Same-sex marriage has, however, become the totemic yardstick for acceptance of gender and sexual diversity, even though it depends upon very conservative underpinnings. As far back as 1996 the cover of the Economist proclaimed ‘Let them wed’, and since then most liberal democracies have followed this advice. I found it grating to be told constantly that Australia was the exception among English-speaking countries, as if language was somehow proof of virtue. ‘The Anglosphere’ is, after all, a favourite reference of Abbott, though not, it seems, when it comes to marriage, where he blithely ignored even the British Tory Party. And I was surprised that the media seemed largely unaware how far the language of the Christian right resembled that used by autocrats such as Vladimir Putin and Robert Mugabe.
Speaking on the ABC’s Q&A, Jesuit priest Frank Brennan stressed the difference between religious beliefs and civil law, but that distinction was often lost on the battlefield. In the parliamentary debate, which stretched across several days of the first week of December, Liberal backbencher Andrew Laming gave an equally measured analysis of the difference between state and religious law, a distinction that seemed lost on most of his conservative peers. (Labor MPs who might have had doubts about the legislation were clearly under orders to stay quiet.) There was a certain irony in conservative MPs quoting international covenants on human rights to advance their definition of religious freedom, even if, as Adam Bandt and Mark Dreyfus pointed out, they quoted selectively.
Marriage did not need to become the central symbol of acceptance, and the early gay liberation movement, like third-wave feminism, rejected marriage as outdated and patriarchal. Love is love could, after all, signify an assertion that we don’t need the blessings of church or state: there are many examples of committed homosexual relationships long before marriage became an option. But even radical queers saw the debate as about equality and acceptance, whatever their personal doubts about the institution. The marriage movement seems bent on assimilation into society as is, and brave talk of creating new forms of family and community have largely disappeared. Most homosexuals, it turns out, really are just like everyone else.

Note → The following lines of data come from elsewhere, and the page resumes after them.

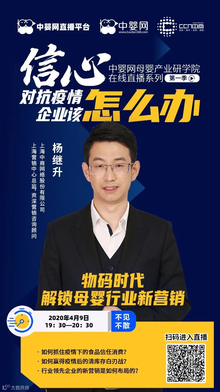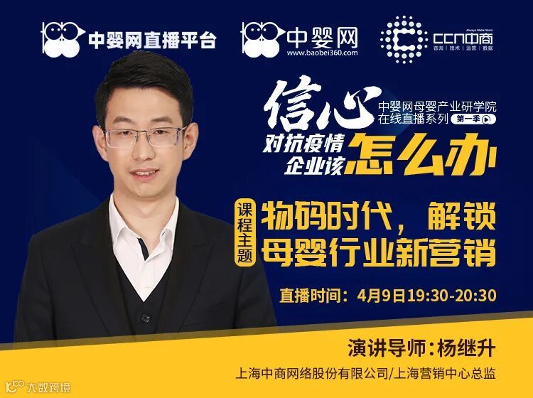 今晚(4月9日)19:30,受中婴网母婴产业研学院【第一季,信心!对抗疫情,企业该怎么办】系列公益直播课程邀请,来自上海中商网络股份有限公司(以下简称CCN中商)的杨继升先生将为大家带来一场《物码时代,解锁母婴行业新营销》线上直播分享。
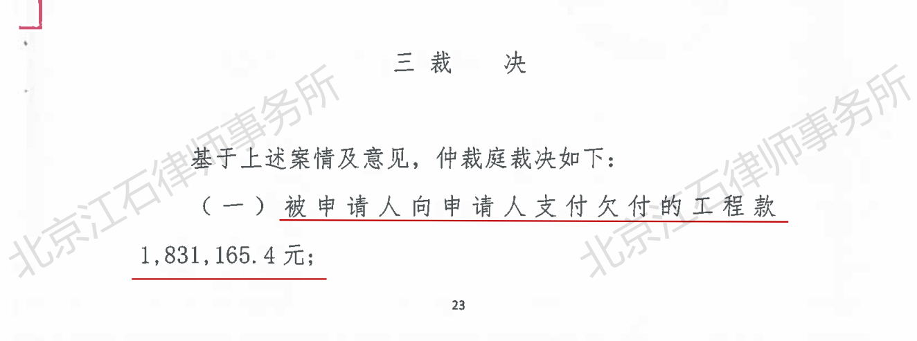 仲裁庭经审理认为,原告提交的《徐州地铁3号线最终结算书》具有法律效力,被告应支付欠付的工程款1,831,165.4元(扣除因增值税税率调整产生的价差26,743.04元)。被告应返还履约保证金50,000元,但原告主张的逾期利息不予支持。仲裁庭酌定原告承担本案15%的仲裁费,被告承担85%的仲裁费。最终裁决被告支付原告工程款1,831,165.4元、履约保证金50,000元及相应仲裁费,驳回原告的其他仲裁请求。
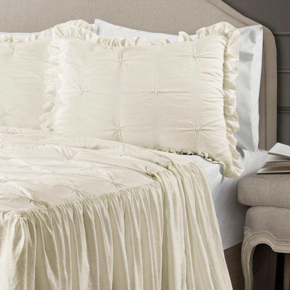 This beautiful Ravello Pintuck Ruffle Skirt Bedspread Set is soft and luxurious feeling with hand tucking detail on crinkle Microfiber and elegant ruffled edges. It fits in nicely with your farmhouse, minimalist or traditional bedroom.
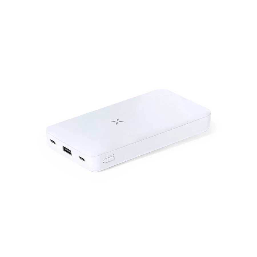 Bezprzewodowy power bank 5000 mAh, ładowarka bezprzewodowa 15W, działa z telefonami posiadającymi możliwość ładowania indukcyjnego, 4 diody wskazujące poziom naładowania, 2 cewki ładowania bezprzewodowego (15W, 2,5W), 2x wejście/wyjście USB typu C 5-12V/3-1.5A, wyjście USB 5-12V/3-1.5A, stojak na telefon

It was interesting to talk to straight supporters, some of whom seemed far more invested in same-sex marriage than I am. I recall a former Labor cabinet minister expostulating in fury that Julia Gillard did not support SSM; a couple of years later I spoke at a rally with Bill Shorten, who was genuinely passionate on the issue. Is there some element here of atonement for earlier attitudes, an unspoken acknowledgement that they ignored all their own homophobic prejudice, what Christopher Isherwood called ‘annihilation by blandness’? Or is it, perhaps, that supporting same-sex marriage is a way of taming homosexuality, of making it respectable in ways that former British prime minister David Cameron had in mind when he said he supported same-sex marriage because he was a conservative?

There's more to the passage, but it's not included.